Rei Kerimoglu, a spokesman for the Karabakh Gazileri (Karabakh
Warriors) organisation, one of several veterans’ groups, told IWPR that
benefits for invalids are sometimes misappropriated. For instance,
specially-adapted vehicles should be provided to invalids free of
charge, but officials demand a bribe of 300 to 400 dollars to hand
them over.

Kerimoglu said that in recent years, abject poverty has driven 36
war invalids to kill themselves, and 75 more have been treated by
doctors after attempting suicide.

Mekhti Mekhtiev, chairman of the Public Union of Karabakh War
Invalids, Veterans and Families of Martyrs’ Families, told IWPR, “We
have been facing a difficult situation since our benefits were cut.
When Baku mayor Hajibala Abutalibov had illegally-built structures
demolished, some trading booths belonging to Karabakh veterans also
got destroyed. These people are unable to work due to their health,
and trading is their only source of income. Now many veterans are
simply starving.”

Labour and welfare minister Nagiev denies that veterans are being
neglected. He said the 8,000 Karabakh war invalids on his ministry’s
books get priority treatment from the state. “Compared with others,
they have much higher pensions, they receive free medical treatment
at home, and those who need to have treatment abroad are given a
certain amount of money every year,” he said. The minister said the
state has handed out nearly 800 cars and 350 apartments to veterans
free of charge since 1997.

Altay Mamedov, who heads the Azerbaijani Association for Veterans of
the Great Patriotic War, an organisation originally set up to help
Second World War participants, said part of the problem is that there
are so many different veterans’ groups.

“In other countries there is one centralised body that deals with all
the problems facing veterans. But we have nine state organisations
doing it, and as a result there are differing interpretations of the
criteria for granting veteran status, and varying numbers of veterans
are cited,” said Mamedov. “The state claims there are 74,000 veterans
of the Karabakh war in the country. But our data indicates that the
number of war veterans is exaggerated. Our association is proposing to
unite all organisations that [have the power to] grant veteran status.”

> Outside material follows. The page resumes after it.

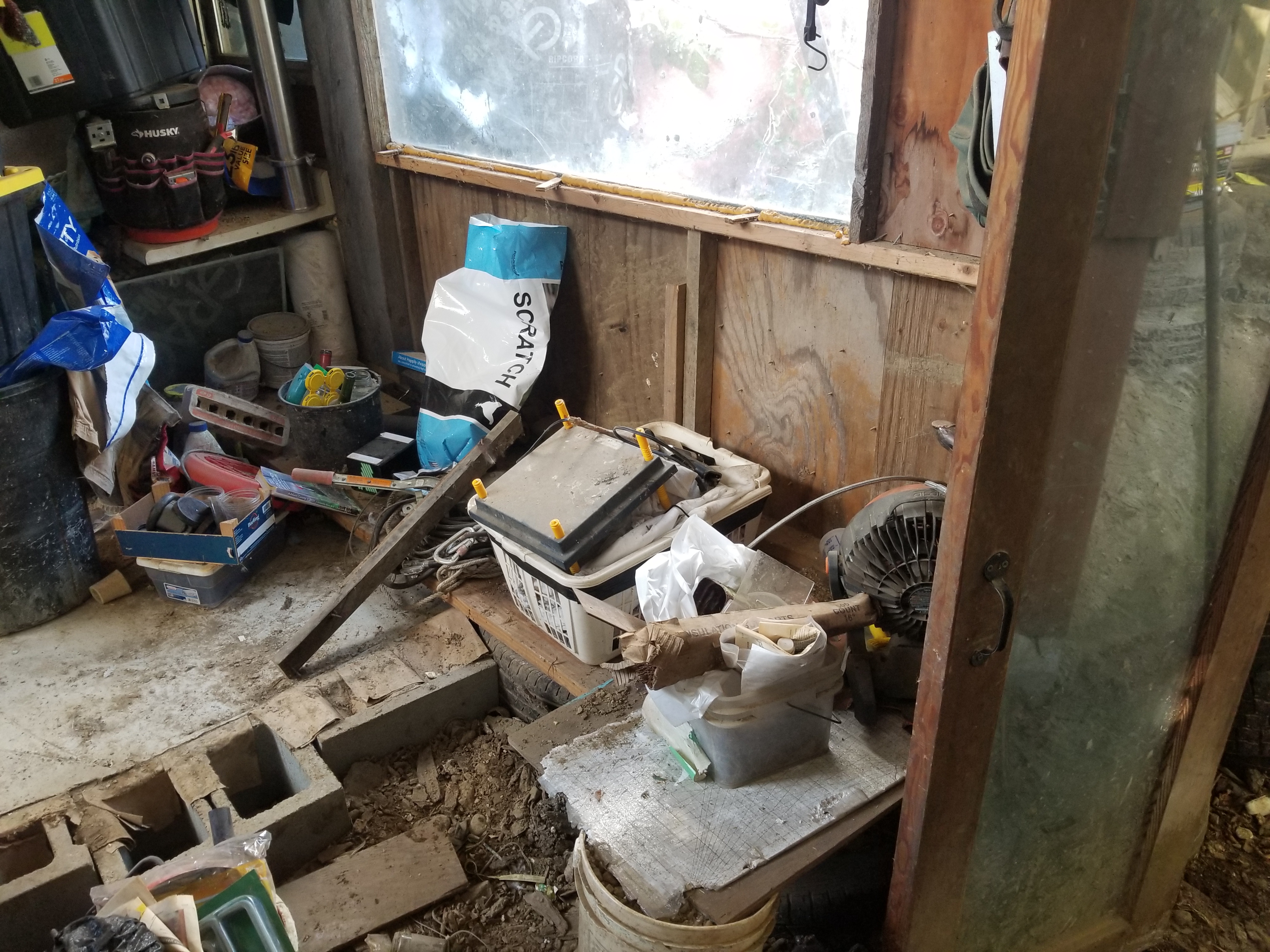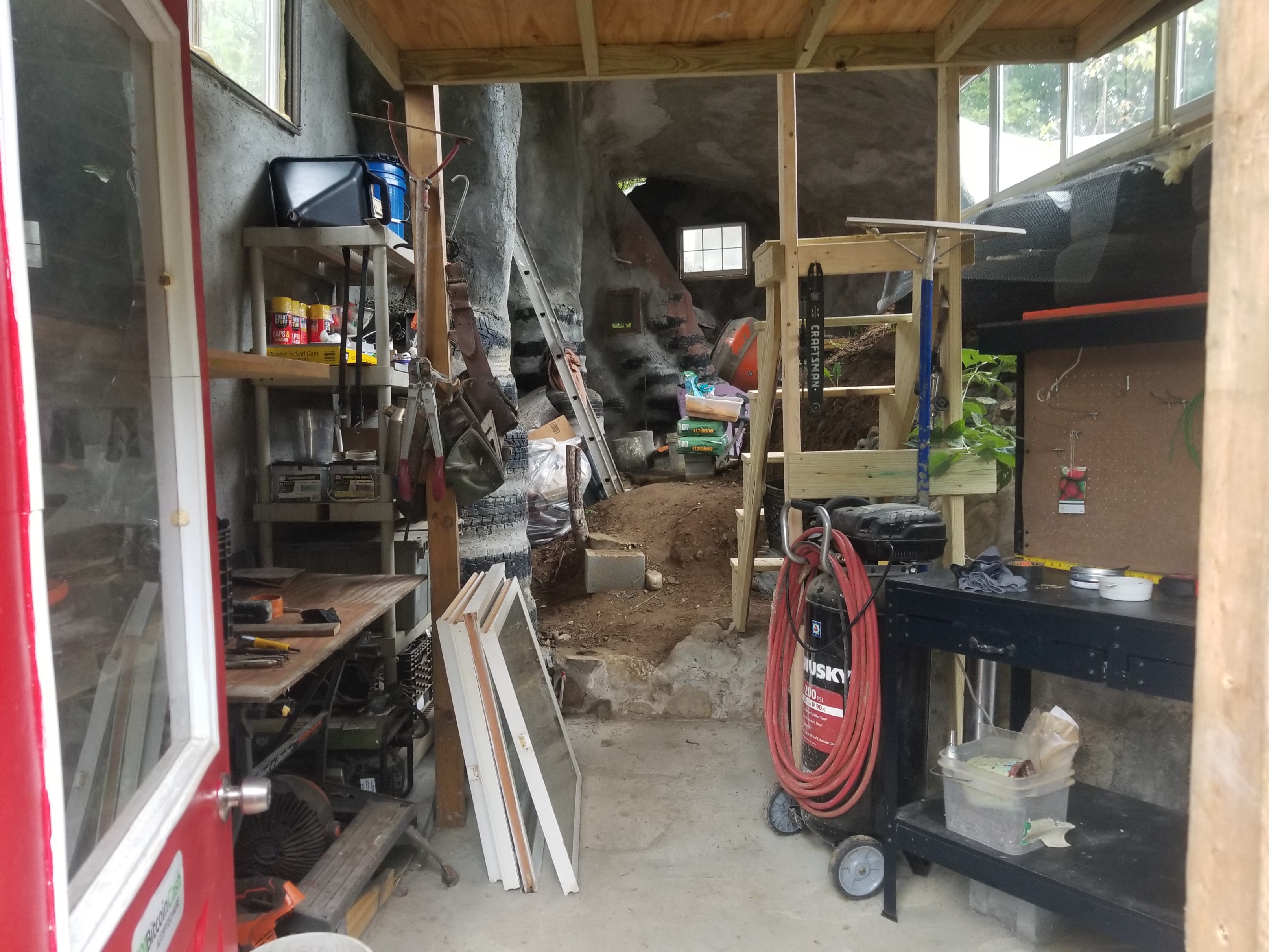 After moving all the tools from the old entry room to the lower bay of the new Entry Hall, there is finally a degree of organization and separation between the tools and the living space.
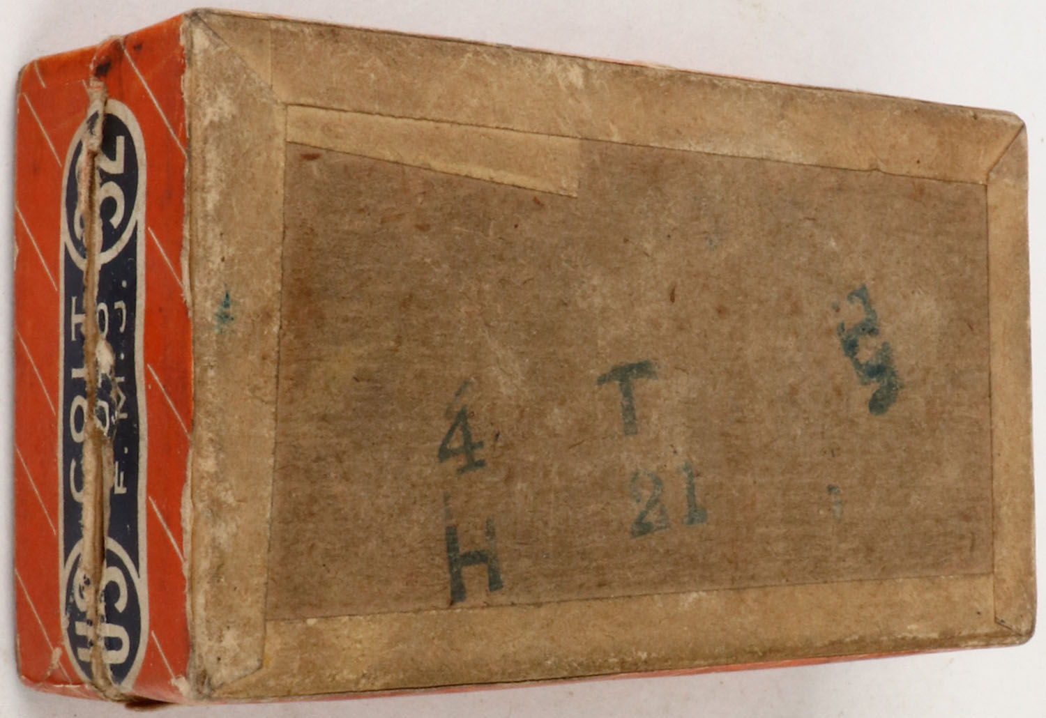 U.S. Cart. Co., .32 Colt Automatic, Smokeless, Full Metal Jacket, Full, 2pc. Orange blue & white box, box is solid with excellent color, some age soiling, minor edge & corner wear, top has been written on, some shelf wear, ammo is excellent. Grade: Very Good ++ - Value: 20 to 60

Neither Rahim nor Azer is a member of any of the veterans’
organisations.

“It’s all politics, and the heads of all those organisations just
want to grab a piece of the pie,” said Rahim. Azer agreed, saying,
“If you hang around waiting for help from the state, you could easily
starve to death.”

Neither man likes reminiscing about the war, and they do not take
part in army reunions. The memories of what they did then are a burden
they carry alone.

Mamed Suleimanov is a reporter for the Baku newspaper Novoe Vremya.